We have the results but will sort these lists into an easier-to-read format

In [44]:
swap_avg_by_hour = []

for row in avg_by_hour:
    swap_avg_by_hour.append([row[1], row[0]])
    
print(swap_avg_by_hour)

[[5.5777777777777775, '09'], [14.741176470588234, '13'], [13.440677966101696, '10'], [13.233644859813085, '14'], [16.796296296296298, '16'], [7.985294117647059, '23'], [9.41095890410959, '12'], [11.46, '17'], [38.5948275862069, '15'], [16.009174311926607, '21'], [21.525, '20'], [23.810344827586206, '02'], [13.20183486238532, '18'], [7.796296296296297, '03'], [10.08695652173913, '05'], [10.8, '19'], [11.383333333333333, '01'], [6.746478873239437, '22'], [10.25, '08'], [7.170212765957447, '04'], [8.127272727272727, '00'], [9.022727272727273, '06'], [7.852941176470588, '07'], [11.051724137931034, '11']]


In [47]:
sorted_swap = sorted(swap_avg_by_hour, reverse = True)
sorted_swap

[[38.5948275862069, '15'],
 [23.810344827586206, '02'],
 [21.525, '20'],
 [16.796296296296298, '16'],
 [16.009174311926607, '21'],
 [14.741176470588234, '13'],
 [13.440677966101696, '10'],
 [13.233644859813085, '14'],
 [13.20183486238532, '18'],
 [11.46, '17'],
 [11.383333333333333, '01'],
 [11.051724137931034, '11'],
 [10.8, '19'],
 [10.25, '08'],
 [10.08695652173913, '05'],
 [9.41095890410959, '12'],
 [9.022727272727273, '06'],
 [8.127272727272727, '00'],
 [7.985294117647059, '23'],
 [7.852941176470588, '07'],
 [7.796296296296297, '03'],
 [7.170212765957447, '04'],
 [6.746478873239437, '22'],
 [5.5777777777777775, '09']]

In [53]:
print("Top 5 Hours for Ask Posts Comments")

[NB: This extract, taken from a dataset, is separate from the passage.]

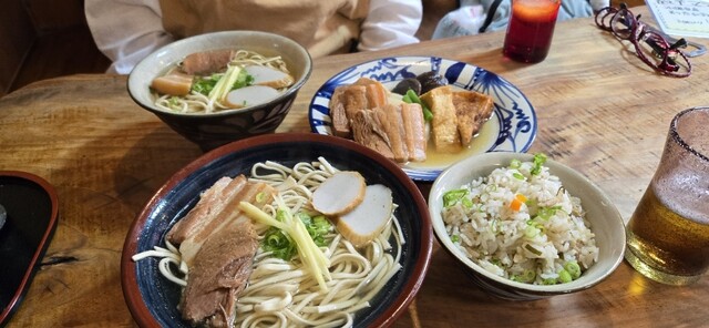 首里城公園にはもう何度も来ているけれど、ずっと来ようと思っていたのになかなか来れなかったこちらのお店へようやく訪れることが出来ました。金曜日のお昼時に到着すると既に一巡目のお客さんが入っており何組か待つことに。でも回転が早いので割りと早く座席に着けました。素朴だけど品格を感じる店内に感じの良いお母さん達がキビキビと働いていらっしゃいます。妻と私、お目当ての首里そばはもちろん頼むけど三枚肉の入った煮付けやジューシー、そしてビールも頼みました。まずそばがやって来ましたがズバリ美味すぎます。今まで食べた麺と全く違い少し固めでまるで腰のある蕎麦のよう。汁もとても上品だしお肉も癖無く柔らかく調理されている。沖縄そばの概念が変わるような逸品です。同じく煮付けも同様に上品な味付け。大根は柔らかくなり過ぎていないのに味が染みている。ジューシーもこれまた同様に逸品でした。こんなにレベルが高くそして人気店にもかかわらずお値段が安い。ビールを入れても2人でなんと2300円とはあり得ないでしょう。とても次元の高いお店に出会うことが出来て幸せです、ありがとうございました。

for avg, hr in sorted_swap[:5]:
    print("{}: {:.2f} average comments per post".format(dt.datetime.strptime(hr, "%H").strftime("%H:%M"), avg))
    
    

Top 5 Hours for Ask Posts Comments
15:00: 38.59 average comments per post
02:00: 23.81 average comments per post
20:00: 21.52 average comments per post
16:00: 16.80 average comments per post
21:00: 16.01 average comments per post


The hour which receives the mosts comments per Ask Post is 3pm and by some distance.  This indicates that to receive the most comments on an Ask Post on Hacker News, the Ask Post should be created at 3pm.  The documentation for the dataset indicates the timezone used here is EST, so to convert to GMT that would be 8pm, or 20:00 here.

**Conclusion**

The Hacker News dataset was analysed and it was shown that Ask Posts received more comments than Show Posts.  Additionally, it was found that the ideal time to post would be 3pm EST, or 8pm GMT. Since 4pm EST is also in the top 5 times for comments, we would suggest that posts be created between 8-9pm GMT to maximise comments, although creating posts between 2am and 3am GMT would also stand a good chance of receiving more comments, as both of those times are in the top 5.